The method is based on allelic association, i.e. alleles of closely linked loci are nonrandomly associated on haplotypes. A haplotype which yields information has a frequency higher than would be expected from the frequencies of each of its alleles. They occur, moreover, with a frequency which makes them the main source of the least frequent of the alleles in the combinations. Other haplotype combinations involving this allele (these alleles) are most likely the results of recombinational events involving a main haplotype. Such crossovers may therefore, on certain conditions, be used for gene mapping purposes. Some basic rules for the use of the method are given.
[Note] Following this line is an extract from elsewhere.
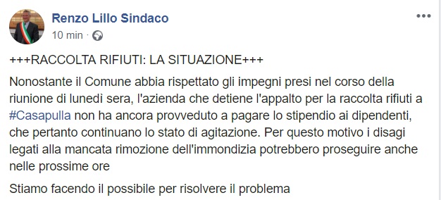 Questo quanto pubblicato sulla pagina Facebook del Sindaco di Casapulla, Renzo Lillo:

A total of 701 haplotypes involving the short arm of chromosome 6 have been studied. Typings have been performed with regard to HLA-A, -B, -C, -D/-DR, C4, C2 and Bf. The study confirms previous localization of the complement loci between HLA-D and -B. The investigation suggests the order HLA-D-Bf-C4-C2-HLA-B. There is, moreover, slight evidence in favour of a localization of the C4A gene on the HLA-B side of C4B. Given an HLA-A-HLA-B distance of 0.8 cM, suggested relative distances are: HLA-D-Bf: 0.44 cM, Bf-C4: 0.04 cM, C4-C2:0.11 cM, and C2-HLA-B:0.12cM.